Covid vaccines for variants could be fast-tracked and approved quickly in UK

 The UK could become one of the fastest countries in the world to approve modified Covid vaccines to fight variants.

Vaccine manufacturers including Pfizer and AstraZeneca are already working on new coronavirus jabs to deal with variants in case they are needed.

Once Covid-19 vaccines are adapted, the process for getting them out to the public could be fast-tracked, and the green light could be given in just a few weeks, the Medicines and Healthcare Products Regulatory Agency (MHRA) said.

She said that by carrying out a “real-time” rolling review of evidence, as was done for the existing vaccines, the MHRA’s approval would come “in a very efficient manner, as short as a couple of weeks”.

The regulatory body also said researchers can efficiently measure protectiveness by looking at antibodies in the blood after vaccines, rather than waiting for people in a trial to become infected with Covid-19.

MHRA chief executive Dr June Raine insisted no corners would be cut on safety, and the approach is similar to the regulatory process when flu vaccines are modified to deal with new strains each year.

She said: “Has this approach been done before? This approach that we’re putting out today for the Covid-19 vaccines is based on the tried and tested regulatory process which is used every year for seasonal flu jabs.”

Scientists are concerned that several variants, including the Brazilian one, could make existing Covid vaccines less effective.

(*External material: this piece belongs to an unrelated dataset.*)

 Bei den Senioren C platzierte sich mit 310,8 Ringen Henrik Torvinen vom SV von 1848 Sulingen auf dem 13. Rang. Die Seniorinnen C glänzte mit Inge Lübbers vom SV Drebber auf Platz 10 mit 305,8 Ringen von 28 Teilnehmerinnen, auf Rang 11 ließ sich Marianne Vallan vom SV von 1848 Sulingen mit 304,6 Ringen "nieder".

Six cases of the Brazilian variant have been found in the UK so far - three in England and three in Scotland.

A study this week suggested 25% to 61% of people in the Brazilian city of Manaus - where the variant originated - who had previously had Covid were susceptible to reinfection.

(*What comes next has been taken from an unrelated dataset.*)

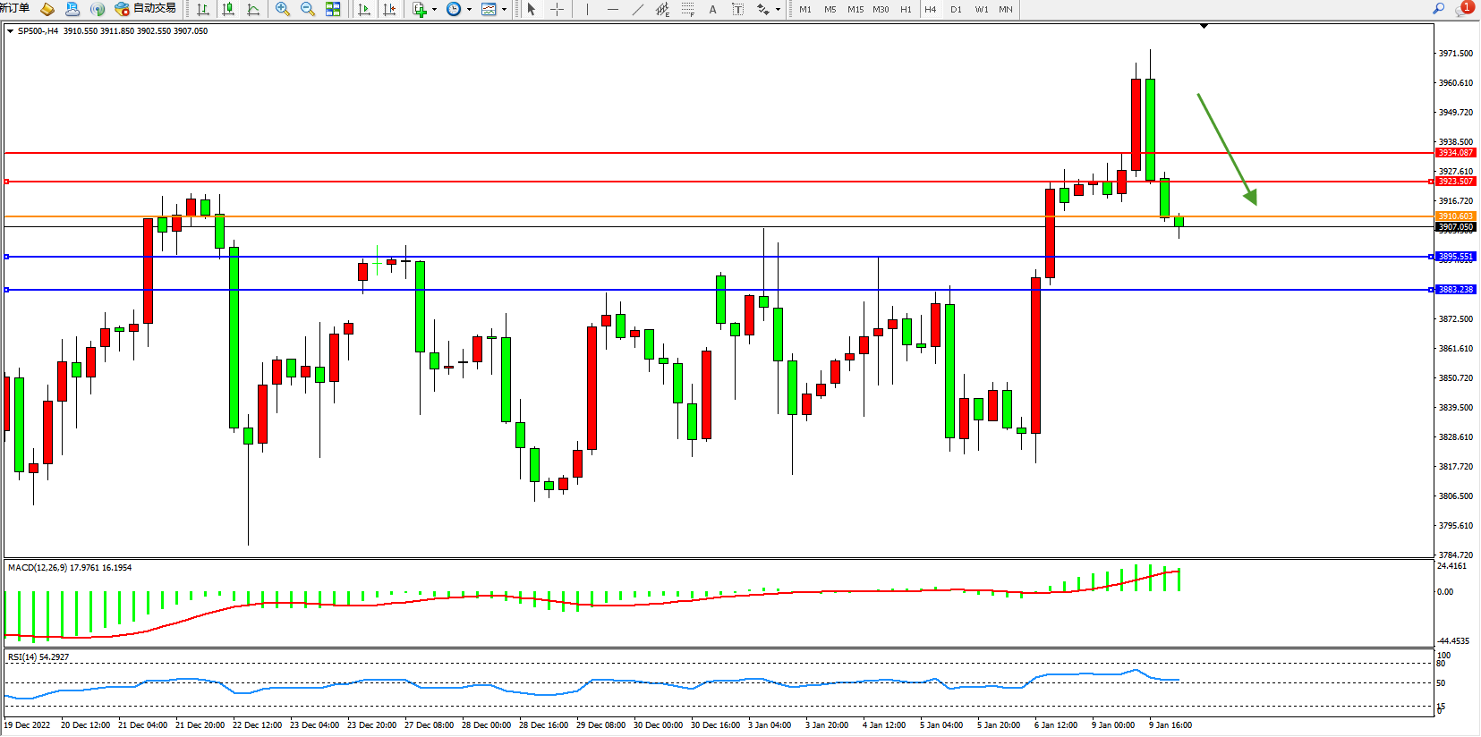 标普SP500——4小时K线图显示:

Speaking about whether the UK would be able to get new vaccines out quicker than other countries, she said: “You will be aware that there are other major jurisdictions, the FDA (in the US) and the European Medicines Agency, and this guideline we feel is more flexible and more capable of moving in an agile way, depending on the format of the vaccine, and the data we already hold.

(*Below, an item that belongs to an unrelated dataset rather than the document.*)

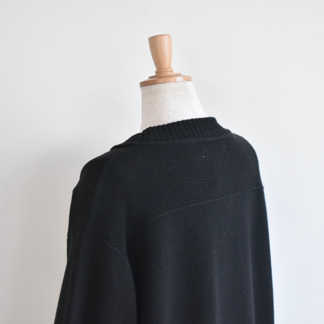 パーツにより編み方を変え組み合わされたアシメトリーなデザインが

“You’ll be aware that the data we hold in the UK, having been agile initially, is a very substantial set of data.”

During a visit to the Glasgow Lighthouse Lab, Health Secretary Matt Hancock said: “We will have a fast-track approach to safely approving future vaccines that work against a variant of Covid-19.

“The vaccine programme has clearly been a huge UK success story, and part of the reason that we have been able to develop the vaccines so far, so quickly, is because of the MHRA’s rigorous yet flexible approach, which has been based entirely on looking as quickly as possible at the safety and efficacy of vaccines.

Covid-19 vaccine first doses in the UK as of March 2, 2021Credit: PA

“I’m delighted that they’re taking that same principled approach to the approval process for vaccines that may work against variants.”

Guidance from the Access Consortium - a group of regulatory authorities from the UK, Australia, Canada, Singapore and Switzerland - states that vaccine manufacturers will need to prove the modified jab produces an immune response, is safe and is of the expected quality.

Data from the original trials and ongoing studies on real-world use of the vaccine could be used to support any decision by the regulators. But lengthy studies would not be needed as they were deemed not to add to the understanding of the jab's safety, quality or effectiveness.

Dr Christian Schneider chief scientific officer at the MHRA, said: “Our priority is to get effective vaccines to the public in as short a time as possible, without compromising on safety.

“Should any modifications to authorised Covid-19 vaccines be necessary, this regulatory approach should help to do just that.

“The announcement today also demonstrates the strength of our international partnerships with other regulators and how our global work can help ensure faster access to life-saving vaccines in the UK and around the world.

“The public should be confident that no vaccine would be approved unless the expected high standards of safety, quality and effectiveness are met.”